One of the show's producers has been chastised for prompting a contestant to give outspoken soundbites, he said, and will be talked to after the season. The producer, as well as producers on all CBS shows, received unconscious-bias training.
That's a charge that has followed reality shows – the tendency to have contestants fit racial stereotypes. In his 2012 book Race-Baiter, Eric Deggans (a veteran TV critic on NPR and in newspapers) had a chapter on reality shows, with Big Brother and Survivor contestants discussing being stereotyped. Thom Sherman, Sr. Executive VP of Programming (left), partly defended the Big Brother record: "Half of our (current) cast is diverse, and the last three winners have been diverse." But he and Kahl granted there's work to be done.
CBS has been trying for a new image after long-time leader Les Moonves was fired for sexual abuse. Complicating things, actress Eliza Dushku (top) made allegations of sexual harassment by Michael Weatherly (top) on the set of Bull; producer Glenn Gordon Caron then fired her from what could have been a long-running show. Eventually, the New York Times reported, she received a $9.5 million settlement.

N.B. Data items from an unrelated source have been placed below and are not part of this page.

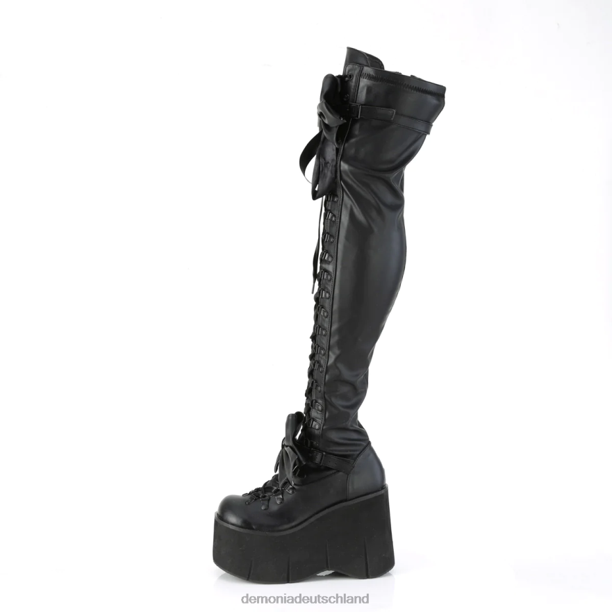 Version 3: Entfesseln Sie Ihre innere Füchsin mit der auffälligen Silhouette der kera-303 oberschenkelhohen Stiefel. Diese Stiefel sitzen auf einem 4 1/2-Zoll-Keilabsatz und werden durch zukunftsweisende D-Ring-Schnürsenkel gesichert. Sie sind ein Beweis für Individualität. Flexible Träger und abnehmbare Plüschschleifen an Knöchel und Oberschenkel ermöglichen individuelle Stilanpassungen. Das elegante, schwarze Stretch-Veganleder umschmeichelt Ihre Beine und bleibt dabei frei von Schuldgefühlen, und der durchgehende Innenreißverschluss garantiert müheloses Tragen.
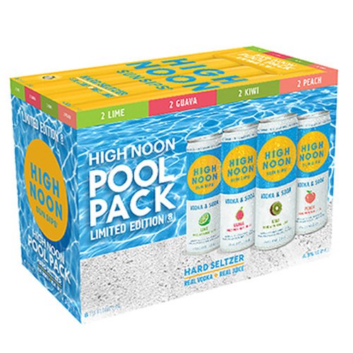 High noon pool pack hard seltzer is made with real vodka and real fruit juice sparkling water and natural flavors. Only 100 calories no added sugar and gluten free. The perfect way to make a splash at your next pool party just as long as you remember to share!
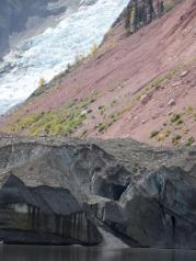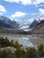 到米堆冰川时,看到了米堆冰川一角,被诱惑,买了门票就往里走,7公里,全土路,比较难走。到达停车场后,步行上山,这是第一次近距离看冰川,心里还是很激动的,加上冰川前小山丘上的树叶的黄绿相间的色彩,让冰川看起来格外漂亮
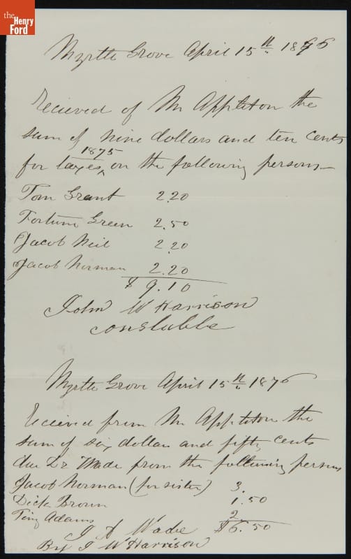 Receipt of Taxes Paid by George L. Appleton April 15, 1876
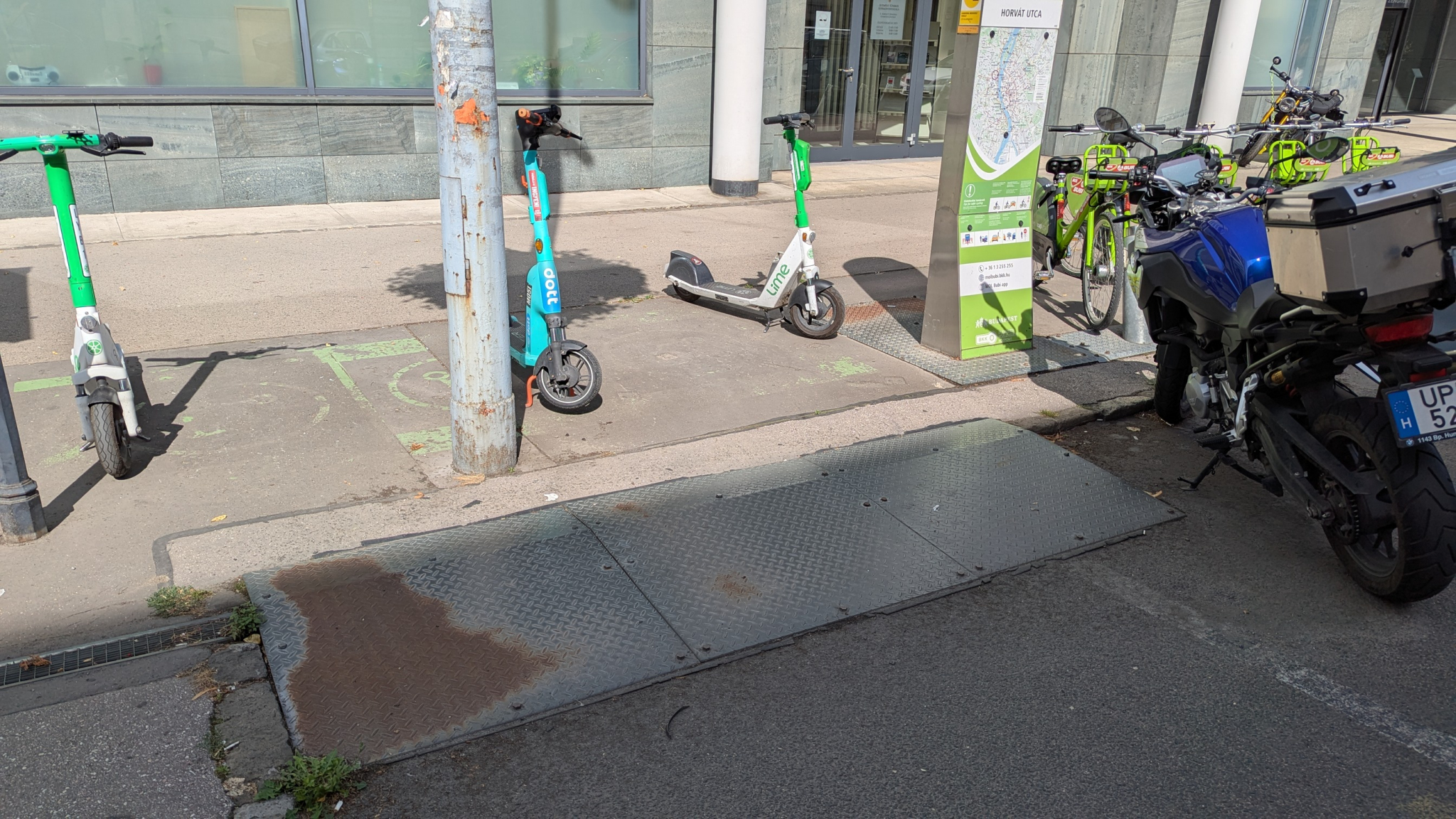 Sajnálatos módon a később kijelölt rollerparkolót a rámpa elé festették fel, így az oda - szabályosan - elhelyezett rollerek ellehetetlenítik a rámpa használatát. Feltehetően aki oda tervezte a rollerparkolót, vagy a rámpát, vagy a Bubi állomást nem vette figyelembe.
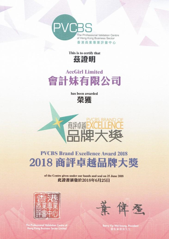 「香港商業專業評審中心2018商評卓越品牌大獎」- 會計妹®
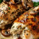Cheesy Garlic Butter Mushroom Stuffed Chicken is a rich and savory dish featuring juicy chicken breasts filled with a creamy garlic mushroom and cheese mixture, seared to golden perfection and baked for a flavorful, indulgent meal.
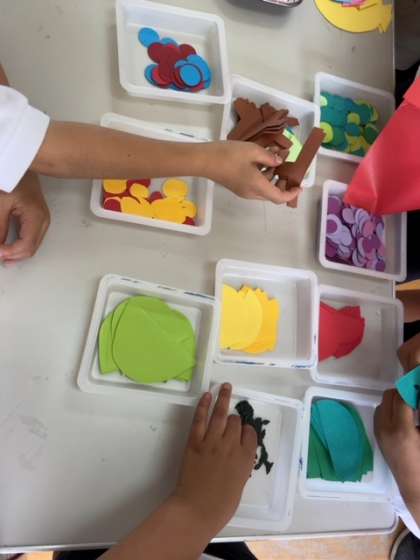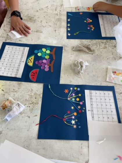 みんなで7月のカレンダーをつくりました。あらかじめ先生が用意してくれた、色々なかたちの色紙をペタペタとできあがりをイメージしてはり付けていきました。スイカや花火など夏らしいデザインのカレンダーをつくることができました。

Kahl agreed that there was a settlement; he said Weatherly was "remorseful" and that both he and Caron are undergoing leadership training.
Other headlines from the session revolved around the names David E. Kelley and Kaley Cuoco (left).
Writer/Producer Kelley, who, since the early 1990s, has been a creator, writer, or producer – sometimes all three – on successful shows from L.A. Law to Big Little Lies, is returning to CBS. He'll write and produce (for the 2020-2021 season) The Lincoln Lawyer, based on a series of Michael Connelly's novels about a lawyer working out of his car.
Kaley Cuoco will come back to CBS as a producer this time. The Big Bang star has a comedy, Pretty, in which a young woman (Santina Muha) moves to Los Angeles, hoping to find love and be the new Oprah.